On the other hand, its rival, the US, has also scheduled another rover mission for Mars this summer - a prime time for an optimum journey from Earth to the distant planet due to their relative orbits around the sun.

China's National Space Administration (CNSA) has named its Mars exploration mission "Tianwen-1," which literally means Questions to Heaven, or Heavenly Questions, taken from a popular poem written by the well-known Chinese poet Qu Yuan.

The planetary voyage, which Beijing has poured billions of dollars in, seeks to catch up with the US, Russia, India and the European Union and aims to complete orbiting, landing and roving in one mission.

The National Aeronautics and Space Administration's 2020 March mission is set sometime between July 17 and August 5. On top of the rover Perseverance, NASA plans to send a small aerial surveillance vehicle called Ingenuity, which will search for areas for the rover to study and explore, and how to land there.

China has successfully deployed two robotic rovers to the moon in 2013 and last year, as part of the space program's Chang'e Exploration.

The country's bold space odyssey in the coming months includes a manned moon mission and a national manned space station. This year's Mars missions, when the moon's distance is shortest from the Earth, will run from late July to early September.

It will take many months to travel the approximately 55 million kilometers distance between Earth and Mars, which constantly changes because of the two planets' orbital alignments.

China has already undertaken a similar space mission to the moon, and in January last year successfully landed a small robotic rover on the dark side of the moon's region, becoming the first country to attain such feat.

In contrast, the US space agency has released a new guideline and proposal for continued international collaboration in space missions, particularly in the establishment of a more permanent human presence on the lunar surface.

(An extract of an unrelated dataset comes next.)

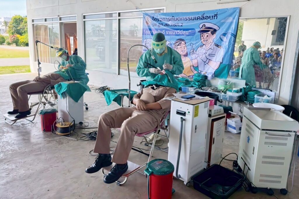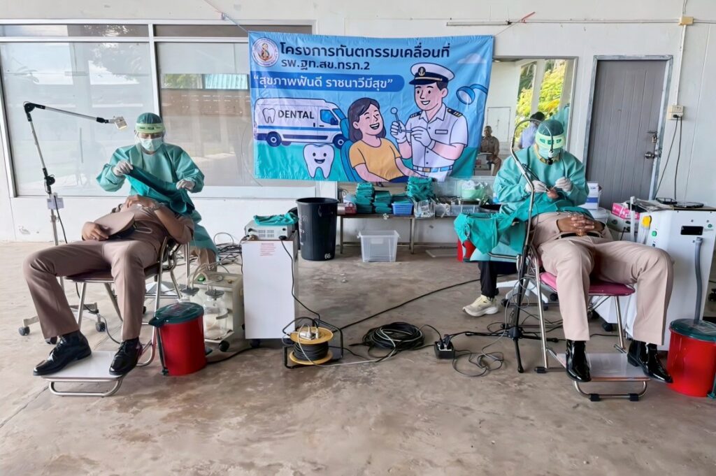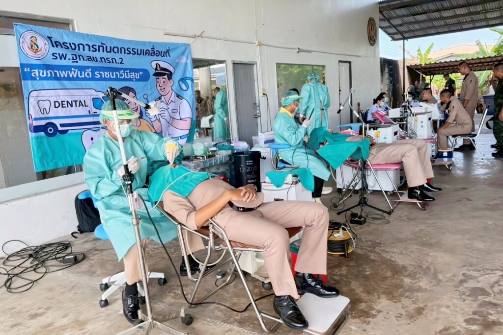 เมื่อ ๑๗ ก.ค.๖๘ แผนกทันตกรรม รพ.ฐท.สข.ทรภ.๒ ออกหน่วยทันตกรรมเคลื่อนที่ ภายใต้โครงการ “สุขภาพฟันดี ราชนาวีมีสุข” จัดกิจกรรมแนะนำแนวทางการดูแลทันตสุขภาพ และให้บริการตรวจรักษาสุขภาพช่องปาก และฟัน ให้แก่ข้าราชการ และทหารกองประจำการ เพื่อให้กำลังพลมีภาวะสุขภาพช่องปาก และฟันที่ดี สามารถปฏิบัติหน้าที่ได้อย่างมีประสิทธิภาพ ณ โรงพละศึกษากอง รปภ.ฐท.สข.ทรภ.๒ / รพ.ฐท.สข.ทรภ.๒ / By ข่าวผู้บังคับบัญชา จำนวนคนดู : 0

NASA is also optimistic about bringing back human space launch capabilities, with a demonstration launch of astronauts onboard the Crew Dragon spacecraft of SpaceX on Wednesday.

The Mars mission is one of the many space endeavors that China is working on to validate its reputation as among the world's best. The US, meanwhile, has already sent four exploratory vehicles to the red planet, and plans to deploy a fifth this year.